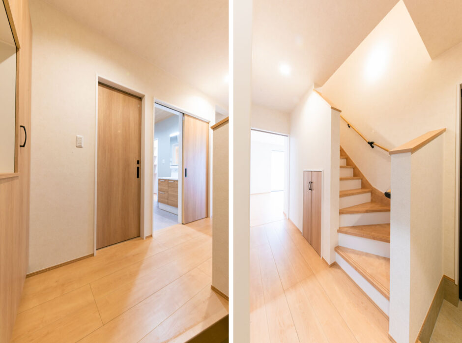 エントランスホールは、洗面室、LDK、2階へと無理なくアクセスできる配置。
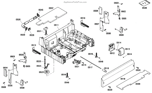 The Junction Box Cover is an OEM part for Bosch dishwashers. Located at the rear of the appliance, the junction box houses connections to the power supply and control board wiring. The junction box cover protects these internal electronic parts.
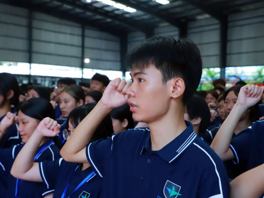 随后的 “梦想起誓” 环节,4000 名新生高举右拳,庄严的宣誓仪式凝聚起青春力量。铮铮誓言如下:
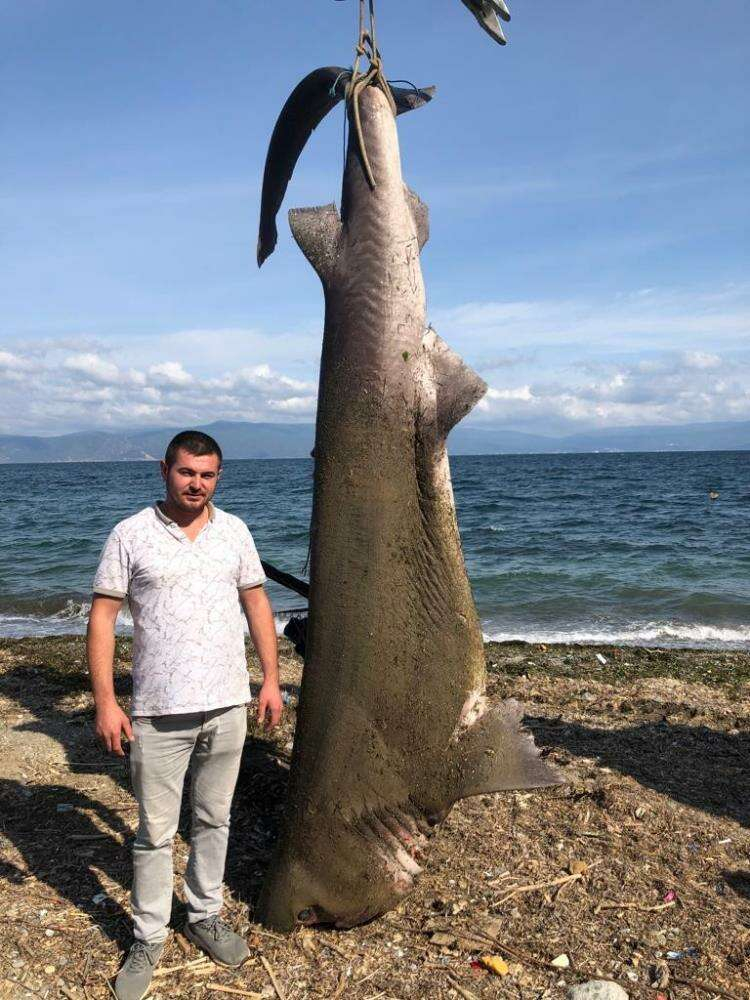 İlk kez Altıntaş açıklarında bu kadar büyük köpek balığının yakalandığını gören vatandaşlar şaşkınlığa uğrarken bol bol fotoğraf çektirdi. Dev balık çıkarıldığı sahilden iş makinesi yardımıyla kaldırıldı.
****************************************
(Your goal)
The listing above needs to be output again exactly. Don't include the pictures.

(Reply to the task)
 エントランスホールは、洗面室、LDK、2階へと無理なくアクセスできる配置。
 The Junction Box Cover is an OEM part for Bosch dishwashers. Located at the rear of the appliance, the junction box houses connections to the power supply and control board wiring. The junction box cover protects these internal electronic parts.
 随后的 “梦想起誓” 环节,4000 名新生高举右拳,庄严的宣誓仪式凝聚起青春力量。铮铮誓言如下:
 İlk kez Altıntaş açıklarında bu kadar büyük köpek balığının yakalandığını gören vatandaşlar şaşkınlığa uğrarken bol bol fotoğraf çektirdi. Dev balık çıkarıldığı sahilden iş makinesi yardımıyla kaldırıldı.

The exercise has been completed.